7 страница24 октября 2022, 21:28

Черное золото

— Поторапливайся, — слышит Чонгук сквозь заложенные уши, но успешно игнорирует. Ледяная, едва ли не колодезная вода обжигает спину, стекает по позвоночнику вниз, морозит ягодицы и падает с них вниз, разбиваясь об мелкую плесневелую плитку в душевой. Он среди полугнилых леек и тазиков один, если не брать в расчет двух бессменных бойцов SAS, которые уже давно не бойцы (у обоих прострелены ноги) и давно не SAS (военная пенсия, чтоб её). Солдаты черной стеной стоят на входе в помывочную, не убирая рук с приклада автоматов и непрерывно наблюдая за тем, как заключенный споласкивает холодной водой лицо и тут же выливает целый ушат на и так мокрые волосы.

Даже издалека заметно, как светлая, в некоторых местах татуированная кожа становится гусиной и покрывается стайками мурашек. Чонгук опускает голову, ероша рукой недавно бритый затылок, и плотно задумывается, рассматривая, как вода стекает по покрытым темными короткими волосами икрам.

— Ты там оглох? — окликивает один из солдат, подаваясь вперед.

— Потерпи, начальник, — отвечает Чон, неторопливо приседая, чтобы поднять с пола коричневый брусочек мыла, — или ты хочешь сам намылить мне яйца?

— У тебя две минуты, — недовольно выплевывает другой, устало переступая с ноги на ногу.

Вот тебе и SAS, ухмыляется Чонгук, проходясь мыльными руками по жестким черным волосам на паху. Ледяная вода все еще слабо стекает из душевой лейки, заключенный выключает её только когда убеждается, что полностью смыл с тела дурно пахнущую чем-то тухлым пену. Солдаты быстро реагируют на стихший в помывочной звук: готовят наручники и начинают внимательнее наблюдать за тем, как арестант обтирается маленьким блеклым полотенцем.

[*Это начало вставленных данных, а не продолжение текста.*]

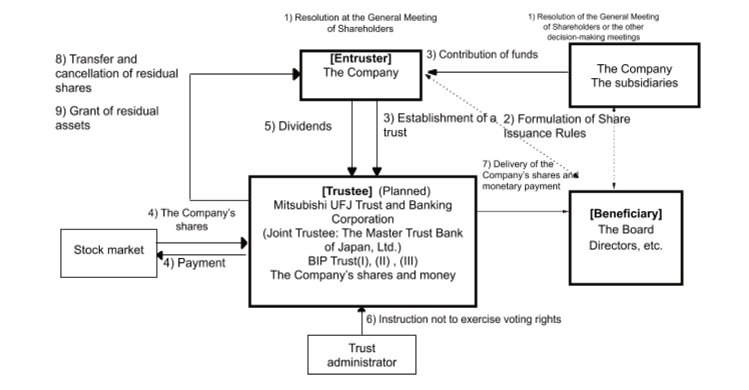 3) The Company entrusts money which the Company contributed as stock compensation and the money contributed by the subsidiaries to the trustee, and establishes or extends the Trust BIP(I),Trust BIP(II) and Trust BIP(III) (hereinafter collectively referred to as the "Trusts"). The Trust BIP(I) is for the Directors of the Board and Senior Management of the Company who meet the beneficiary requirements as its beneficiary and the Trust BIP(II) and Trust BIP(III) is for the Directors of the Board and Senior Management of the subsidiaries who meet the beneficiary requirements as its beneficiary. The Subject Companies are allowed to contribute money within the limit as approved by the annual meeting of shareholders or the other decision-making meetings in 1).
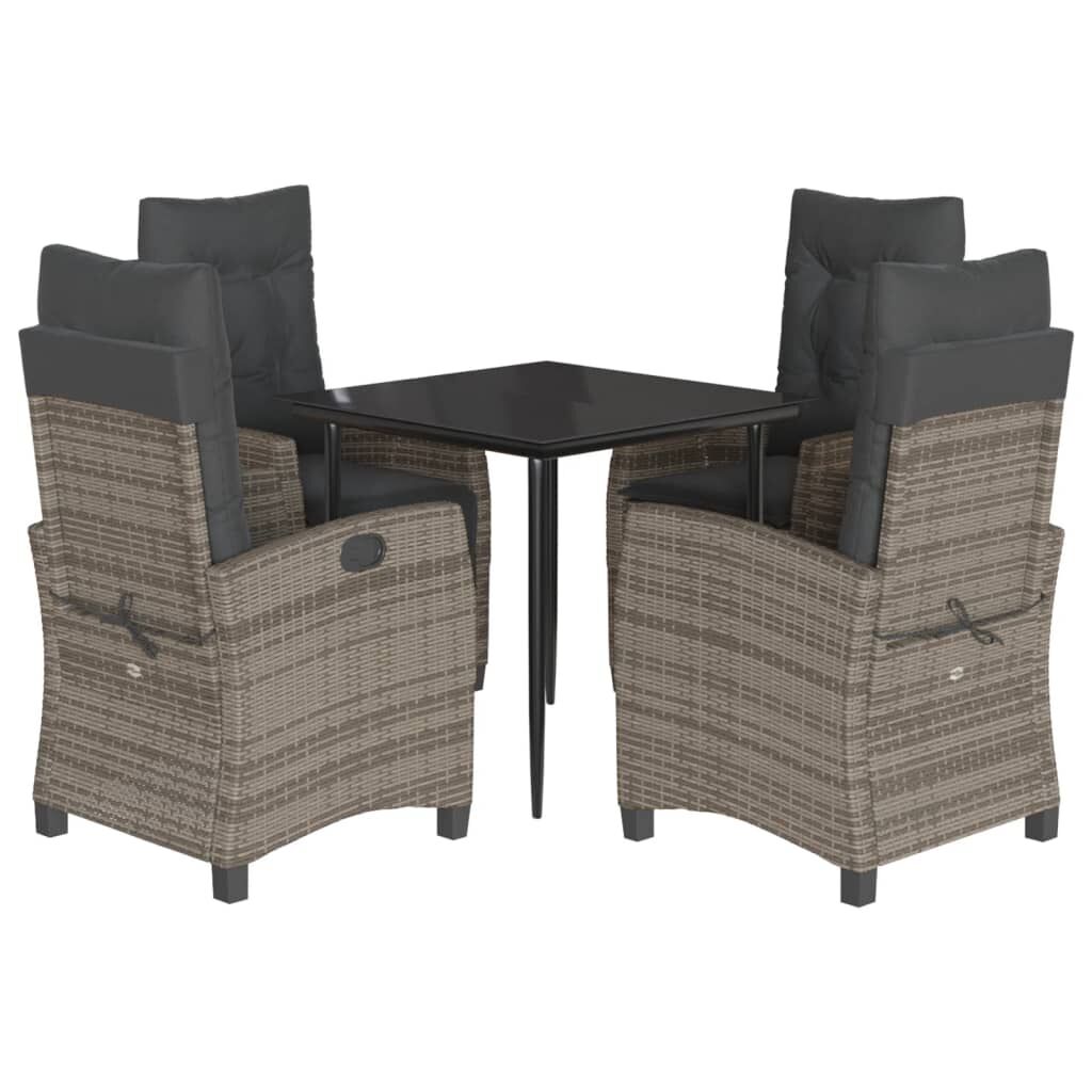 This garden dining set is a great choice for al fresco dining or just relaxing in the garden, backyard, or patio. Durable material: PE rattan, also known as poly rattan, is a strong, low-maintenance synthetic material that looks like natural rattan. It's lightweight, easy to clean, and commonly used for outdoor furniture due to its durability and weather-resistant properties. Adjustable backrest: This garden seat has a handle. You can adjust the backrest to any position by pulling the handle, and quickly return it to its original position.Glass tabletop: The outdoor table's top is made from strong and durable tempered glass, making it easy to clean with a damp cloth and adding a touch of elegance to your outdoor space. Comfortable seat experience: This outdoor furniture, complete with thickly padded cushions, offers a comfortable seating experience. Removable and washable cover: These seat cushions feature removable covers for easy washing and maintenance. Good to know:To make sure your outdoor furniture stays beautiful, we recommend protecting it with a waterproof cover.

Вне холодной воды телу обманчиво тепло — кожу обдает приятными волнами жара, Чонгук старается быстрее натянуть на себя свежепостиранный комбинезон, еле успевший досохнуть к моменту, когда начальство решило устроить заключенным банный день. То, что режим в этой тюрьме не соблюдается совершенно, Чон понял еще на первой неделе пребывания, но начальник, видимо, сам не понимает, какую дрянь плодит среди грязных и кисло-воняющих заключенных. И если в одиночной камере самый большой риск — заболеть скукой, то в общей камере скуки нет: её заменяют ВИЧ, сифилис и гепатит. Последний, кстати, Чон успел подхватить в медблоке пару месяцев назад. Все получилось весьма тривиально: незадачливая медсестра, грязная игла и криво вошедший под кожу шприц.

— Ты закончил?

С мокрых волос капает нещадно, ткань на плечах и груди уже успела окраситься в стильную крапинку, когда Чон прошелся полотенцем по вихрам челки, промакивая её от воды и взъерошивая рукой. Нетерпеливый солдат уже расстегнул наручники, пока его напарник, стараясь не поскользнуться на мокром кафеле, скрипел и булькал резиновыми берцами в сторону самостоятельно подошедшего лицом к стене заключенного. Чонгук, поправив на шее полотенце, чтобы то не спало по дороге, наклоняется вперед и спокойно заводит руки назад, позволяя себя скрутить и сковать плотным слоем железа.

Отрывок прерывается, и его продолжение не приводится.